Cette pratique avait déjà été critiquée lors du mouvement des Gilets jaunes. « Le nombre ‘jamais vu’ d’interpellations et de gardes à vue réalisées ‘de manière préventive' », avait relevé le Défenseur des droits dans son rapport de 2018, citant le 8 décembre où près de 2 000 personnes avaient été interpellées dans toute la France.
Depuis janvier 2023, des manifestations ont lieu partout en France dans le cadre du mouvement social s’opposant au projet de réforme des retraites du gouvernement.
Nous mettons en garde contre l’usage excessif de la force et les arrestations abusives, rapportés dans plusieurs médias.👇
— Amnesty International France (@amnestyfrance) 21 mars 2023
« Depuis plusieurs années, nous documentons l’utilisation de lois trop vagues ou contraires au droit international pour arrêter et parfois poursuivre des manifestants pacifiques.
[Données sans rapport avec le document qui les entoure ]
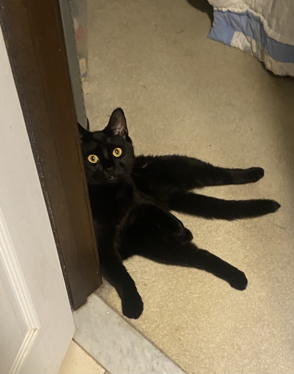 Bogie was adopted with his sister, Posy, from MWHS in May 2023. He quickly went from being a tiny little kitten to Big McLargeHuge. His favorite activities include eating, playing with his toy mice, blocking the tv, annoying his sister, trying to steal potato chips, pondering at the sink, and staring at people like this.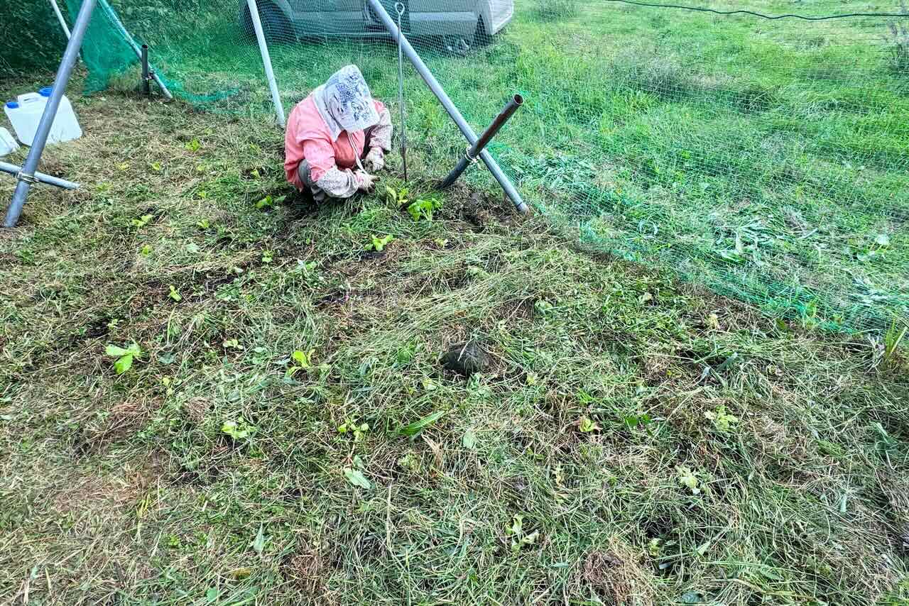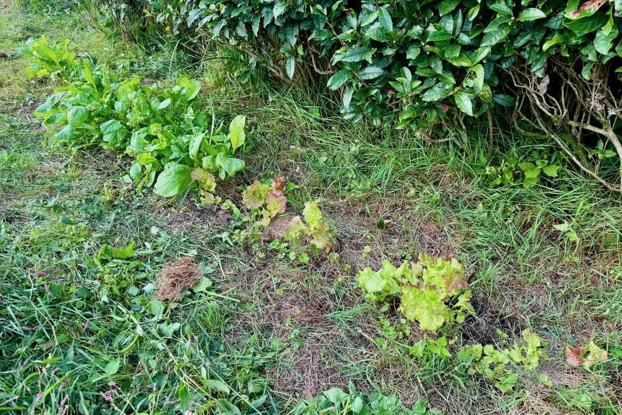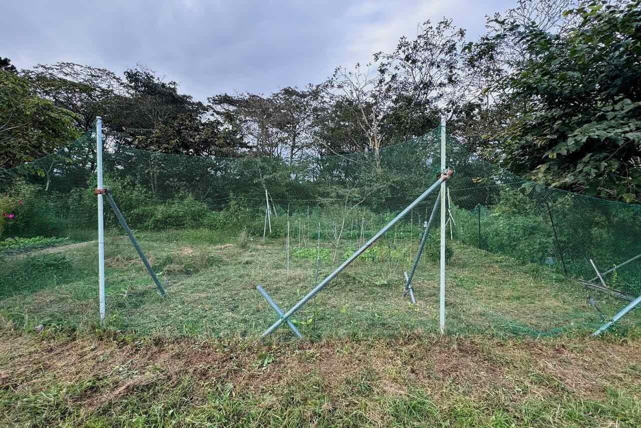 草を刈ったネットの側に、自宅で育てた、サニーレタスとチマサンチュ、サラダナ、ハクサイの苗を2人で移植しました。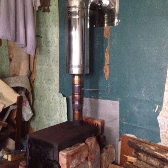 - На този етап коминът е прикрепен. Колкото по -дълъг е нейният участък в стаята, толкова по -топло е в гаража, тъй като той също загрява въздуха около него.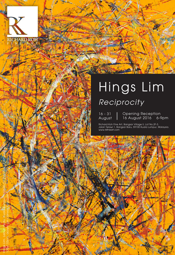 Richard Koh Fine Art (RKFA) is pleased to present Reciprocity by Hings Lim at Richard Koh Fine Art, Lot No. 2F-3, Level 2, Bangsar Village II, Jalan Telawi 1, Bangsar Baru, 59100 Kuala Lumpur, Malaysia from 16 – 31 August 2016. The exhibition will be the emerging artist’s first solo exhibition with the gallery. The opening reception will be held on the 16th of August (Tues), from 6 – 9 pm.

Les autorités françaises doivent fournir un cadre législatif qui protège le droit de manifester », a tweeté Amnesty International France.
« Il n’y a pas d’arrestations injustifiées »
Depuis « quinze ans », il y a une « judiciarisation du maintien de l’ordre », constate Fabien Jobard, directeur de recherche au CNRS et spécialiste de ces questions.
Il cite notamment la loi dite Estrosi de 2010 qui crée le délit de « participation à un groupe en vue de commettre des violences ou des dégradations » – initialement votée pour « lutter contre la violence en bande et dans les stades » mais utilisée depuis dans les manifestations .
Entre le « régime répressif » et le « préventif », où les interpellations ont lieu en amont des manifestations ou avant que des violences ou dégradations significatives ne soient commises, « le curseur est de plus en plus du côté préventif », souligne-t-il.
« Il n’y a pas d’arrestations injustifiées, je ne peux pas le laisser dire », a déclaré le préfet de police de Paris, Laurent Nuñez, à BFMTV. « On arrête pour des délits qui, à nos yeux, sont inventés », mais « 48 heures (de garde à vue) pour tenter de matérialiser le délit, c’est court », a-t-il ajouté.
Des instructions ont-elles été données pour contester massivement ? « Non », répond un haut gradé de la police, qui ajoute que « lorsque des profils à risque sont interpellés, ils n’agitent plus les autres ».
Mais avec ces nombreuses arrestations, la « manœuvre est risquée », renchérit un autre policier spécialisé dans ces questions. Selon lui, ils « exposent la main-d’œuvre, monopolisent les agents » et « risquent de radicaliser les manifestants ».